В молодости (двадцать лет) у Эдди были здоровье, будущее и моральные принципы.
Категория эта невелика, очень и очень невелика. Даже если ее расширить до понятия «женщины, с которыми я отказался спать», в ней будет лишь один персонаж.
Речь идет об одной из преподавательниц той тулонской школы, где подвизался ваш покорный слуга. Как-то она пригласила меня домой на чашку чая. Придя в гости, я старался не поднимать на нее глаз, ибо опасался, что всякое внимание с моей стороны вызовет такую бурю в ее душе, – ее кожа – она предательски много выбалтывала... Мне оставалось только коситься в сторону или смотреть куда-то поверх моей собеседницы, удерживая ее образ на периферии зрения.
Мы были одни. Ее муж, рентгенолог, был много старше ее. Чаепитие проходило в его отсутствие. Разговор наш описывал примерно следующие круги: «Эдуард, я люблю играть в теннис. А муж – нет. Не хотите ли сыграть в теннис, Эдуард?» Минутой позже: «Я люблю ходить куда-нибудь потанцевать, Эдуард. А муж не любит. Хотите, сходим куда-нибудь, потанцуем, Эдуард?» Чуть позже: «Я люблю ездить на пляж, Эдуард. А муж – нет. Эдуард, хотите, поедем на пляж?»
Было яснее ясного, к чему все эти вопросы. Никакой двусмысленности. Но... Я допил чай и раскланялся – и все потому, что она была замужем. Есть вещи почти святые – и моему дружку там делать нечего. Невозможно поверить, что у этой дамы может быть со мной что-то общее. Об ту пору никто не удосужился мне объяснить, что брак воспринимается всерьез всеми, кроме тех, кто в нем состоит. Теперь-то – теперь-то, если речь заходит о моем удовольствии продолжительностью секунд десять, то пусть хоть население целой страны – средних размеров – исчезнет с лица земли...
Иные воспоминания способны вызвать лишь скрежет зубовный. Вернее сказать: они досаждают, как застрявшая в зубах кость.
И находясь в здравом уме и трезвой памяти, я думаю, мне следовало бы тогда проявить больше почтительности к тому, что находится ниже пояса (потому как, признаюсь – да будет свидетелем мне сам Зерван, – не думаю, чтобы хоть раз в жизни я был готов отвергнуть сам сладостный акт... Последствия его – о да, сколько угодно, но сам акт...). Оставалось утешаться мыслью, что проявленная мной несгибаемая нравственность была все же чем-то большим, нежели еще одной жертвой на алтарь упущенных возможностей. Как знать – вдруг тот отказ спас меня от смерти (от руки обманутого мужа) или от иных превратностей судьбы, которым ничего не стоило бы испоганить мне биографию (хотя, по-моему, поганей, чем она есть, просто не бывает).

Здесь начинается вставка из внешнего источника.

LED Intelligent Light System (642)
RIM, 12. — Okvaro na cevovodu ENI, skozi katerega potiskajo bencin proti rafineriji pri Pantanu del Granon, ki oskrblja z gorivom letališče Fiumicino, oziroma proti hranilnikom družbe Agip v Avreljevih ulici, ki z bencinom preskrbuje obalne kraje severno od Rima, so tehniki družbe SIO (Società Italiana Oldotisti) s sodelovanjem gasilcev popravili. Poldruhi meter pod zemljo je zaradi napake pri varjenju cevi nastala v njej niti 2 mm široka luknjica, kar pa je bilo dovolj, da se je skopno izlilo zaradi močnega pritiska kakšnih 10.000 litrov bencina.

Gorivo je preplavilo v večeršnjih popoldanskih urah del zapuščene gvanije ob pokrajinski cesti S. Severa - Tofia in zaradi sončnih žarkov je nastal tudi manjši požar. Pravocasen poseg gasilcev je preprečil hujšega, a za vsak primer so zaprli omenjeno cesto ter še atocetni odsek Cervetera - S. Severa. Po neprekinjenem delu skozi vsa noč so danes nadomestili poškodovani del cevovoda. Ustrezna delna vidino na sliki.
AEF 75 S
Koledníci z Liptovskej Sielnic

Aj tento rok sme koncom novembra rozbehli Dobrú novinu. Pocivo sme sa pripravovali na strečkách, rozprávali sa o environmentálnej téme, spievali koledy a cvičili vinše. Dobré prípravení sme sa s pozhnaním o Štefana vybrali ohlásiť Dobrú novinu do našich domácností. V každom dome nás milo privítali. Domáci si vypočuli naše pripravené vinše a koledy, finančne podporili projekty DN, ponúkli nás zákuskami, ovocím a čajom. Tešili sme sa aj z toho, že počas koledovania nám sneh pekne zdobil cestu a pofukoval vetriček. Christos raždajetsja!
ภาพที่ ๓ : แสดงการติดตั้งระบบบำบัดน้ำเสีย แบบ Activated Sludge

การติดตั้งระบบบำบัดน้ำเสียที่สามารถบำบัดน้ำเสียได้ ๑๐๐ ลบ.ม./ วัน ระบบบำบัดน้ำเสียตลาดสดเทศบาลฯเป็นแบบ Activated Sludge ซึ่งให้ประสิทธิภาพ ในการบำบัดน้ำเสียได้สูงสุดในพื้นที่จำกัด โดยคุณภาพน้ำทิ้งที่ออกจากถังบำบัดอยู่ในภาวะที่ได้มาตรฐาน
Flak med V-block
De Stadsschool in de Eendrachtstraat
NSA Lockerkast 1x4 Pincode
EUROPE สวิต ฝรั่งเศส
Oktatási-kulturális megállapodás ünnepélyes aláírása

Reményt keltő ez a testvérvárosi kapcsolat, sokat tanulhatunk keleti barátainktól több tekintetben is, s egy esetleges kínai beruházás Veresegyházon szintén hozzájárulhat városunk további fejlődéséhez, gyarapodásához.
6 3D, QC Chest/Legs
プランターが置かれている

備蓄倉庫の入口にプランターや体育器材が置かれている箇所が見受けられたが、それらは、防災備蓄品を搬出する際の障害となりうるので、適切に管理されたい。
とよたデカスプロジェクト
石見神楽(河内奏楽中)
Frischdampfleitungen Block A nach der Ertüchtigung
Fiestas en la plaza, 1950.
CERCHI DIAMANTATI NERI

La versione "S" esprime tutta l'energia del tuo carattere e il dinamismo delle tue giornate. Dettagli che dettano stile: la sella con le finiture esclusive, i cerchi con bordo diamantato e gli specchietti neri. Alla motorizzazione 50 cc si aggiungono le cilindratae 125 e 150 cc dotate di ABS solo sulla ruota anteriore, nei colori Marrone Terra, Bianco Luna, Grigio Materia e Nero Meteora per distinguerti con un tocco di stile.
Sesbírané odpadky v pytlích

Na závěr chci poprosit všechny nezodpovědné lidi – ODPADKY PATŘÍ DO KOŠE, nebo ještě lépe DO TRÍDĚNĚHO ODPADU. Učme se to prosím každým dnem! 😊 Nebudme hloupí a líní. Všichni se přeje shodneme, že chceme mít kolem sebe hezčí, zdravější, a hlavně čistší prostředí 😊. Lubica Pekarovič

И конечно же, моя верность приличиям основывалась на вере в то, что у меня впереди масса возможностей урвать соответствующие удовольствия, не совершая при этом прелюбодеяния. Порядочность в цене ровно настолько, насколько предполагается, что со временем она окупится. Если бы кто-нибудь выложил тогда двадцатилетнему обормоту Эдди, что ему никогда-никогда больше не услышать подобных предложений (ну разве в веселых кварталах, но это ведь не в счет) и что он годами будет отираться на вечеринках, дожидаясь, покуда какая-нибудь не первой свежести девица, на которую не позарится никакая живая душа, очаруется им, Эдди...

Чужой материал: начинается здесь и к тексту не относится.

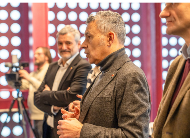
■ Momento de la presentación del proyecto en Logroño.

Este proyecto fomenta la cooperación estratégica entre los ayuntamientos y entidades clave como el Ministerio de Industria, Comercio y Turismo, NextGenerationEU y el Plan de Recuperación, Transformación y Resiliencia. Se creará, además, una plataforma digital integrada para gestionar las rutas turísticas, optimizar el marketing online y brindar una atención lo más personalizada.
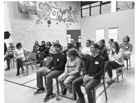
Im Jugend- und Kulturzentrum Molke in Friedrichshafen tauschten sich junge Engagierte, Vereinsvertretende und Fachkräfte darüber aus, wie sich mehr junge Menschen für freiwilliges Engagement gewinnen lassen.

buergerengagement@bodenseekreis.de oder Tel. 07541 204-5605.
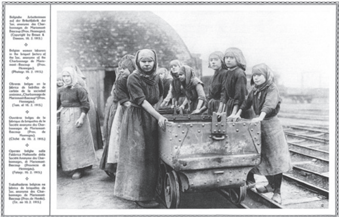
'De visie van de vijand' (Davidsfonds Uitgeverij)
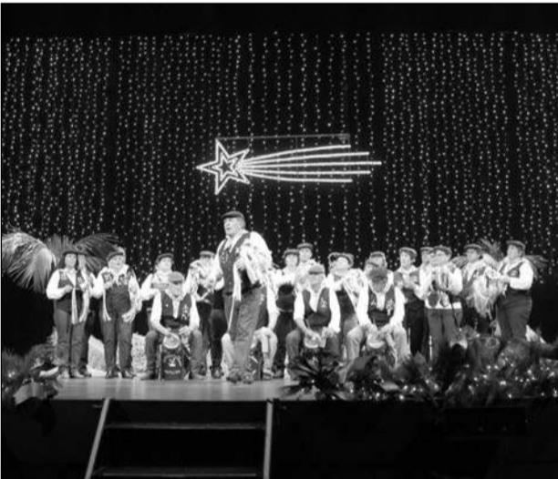
Pastoral La Ilusión de El Puerto de la Torre.
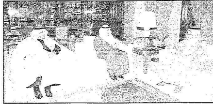
الأمير فيصل بن بندر خلال استقباله الأمير فيصل بن عبد الله بحضور الأمير الدكتور فيصل بن مشعل
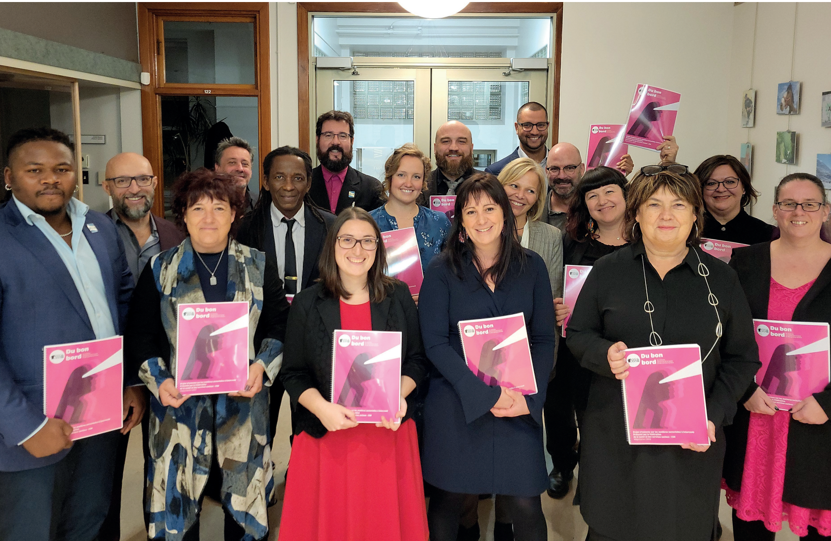
Les membres du comité de négociation de la FSSS-CSN avec le dépôt sectoriel.

Le Front commun a déposé ses revendications au gouvernement le 28 octobre dernier. Des centaines de travailleuses et de travailleurs étaient sur place pour montrer au gouvernement que nous sommes prêts à nous unir d'une seule voix pour gagner !
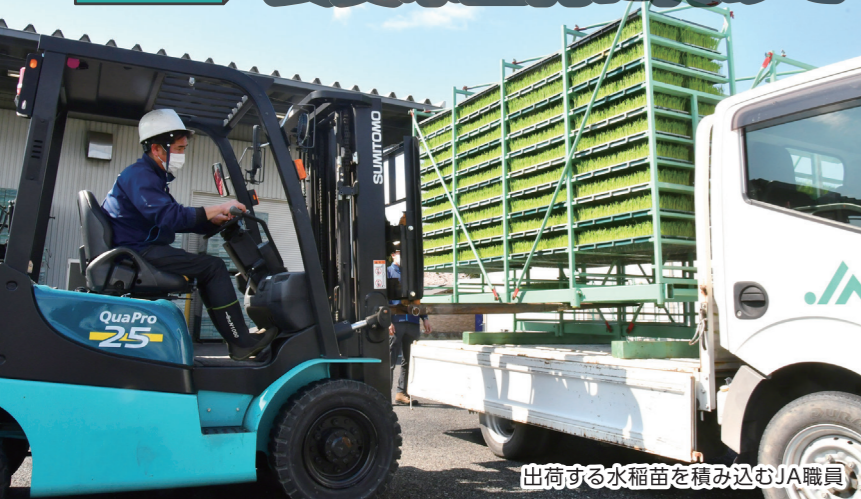
出荷する水稻苗を積み込むJA職員
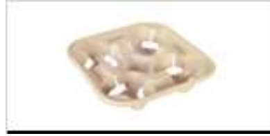
Photo du Produit :

Produit personnalisé : N (N : No ; Y : Yes)

Убеждения чреваты тем, что усложняют нам жизнь, лишая гибкости в принятии решений, но они – своего рода духовный скелет, а вы пробовали ходить без скелета?

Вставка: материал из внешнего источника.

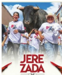
LA PEÑA SE DESPEÑA, UNA PENA, AJENA

Después de la decisión del ayuntamiento jerezano de celebrar los festejos únicamente con el respaldo de los empresarios taurinos, la Peña Taurina habrá de tener sesión para decidir si avanzan, si la disuelven o se crea otra peña taurina con los inconformes.
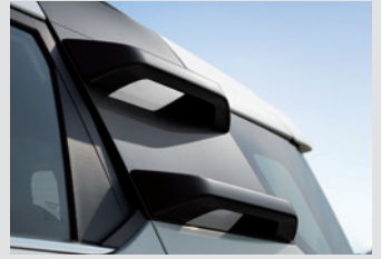
루프 클라이밍 핸들(블랙) 300,000원
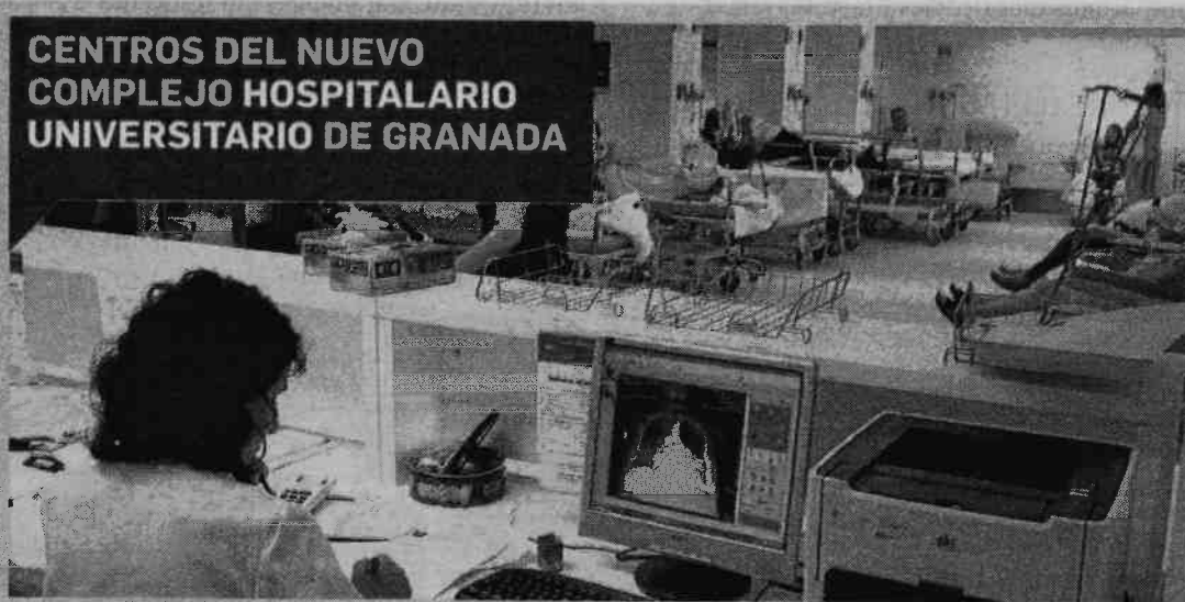
CENTROS DEL NUEVO COMPLEJO HOSPITALARIO UNIVERSITARIO DE GRANADA

Ahora se da autorización a la gerencia de los hospitales para que ejecute ese plan de personal necesario para la fusión de los hospitales y el traslado de centros según el
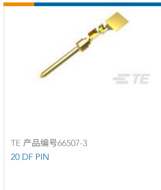
TE 产品编号66507-3 20 DF PIN
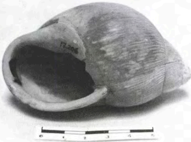
Foto 1 Sthrophocheilus oblongus müll reg. 17206. Colección del IIAM.
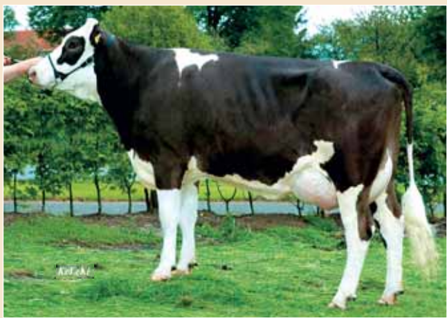
BFG Hippo stijgt in populariteit vanwege zijn gebruik op pinken, de geweldige melkvererving en de sterke benen- en uierverving. Op de foto Hippodochter Tina (50% Fleckvieh) met een vaarzenlijst 305 – 9773 – 3.69 – 3.43.

Op Holsteinkoeien zorgt Hippo voor de nodige variatie in type, uiteenlopend van bespierde tot melktypische koeien. Maar alle zijn laatrijp en duurzaam, voorzien van beste klauwen en benen en extra lange vooruiers (130). De Hippodochters zijn in de meeste gevallen vlot te melken met een enkele langzaam melkende koe.

Зло существования: досада и боль точат нас, как жучок – мебель. Казалось бы, разумней всего стать пессимистом, но ведь есть что-то еще, кроме зла... Даже в Афганистане мне доводилось слышать, как кто-нибудь смеется. Посреди избиения младенцев, посреди торжества бездарей вдруг – на цыпочках – появляется веселье. Зло заставляет думать, уперто думать о смысле происходящего, да послужат оные размышления плетью для нерадивых.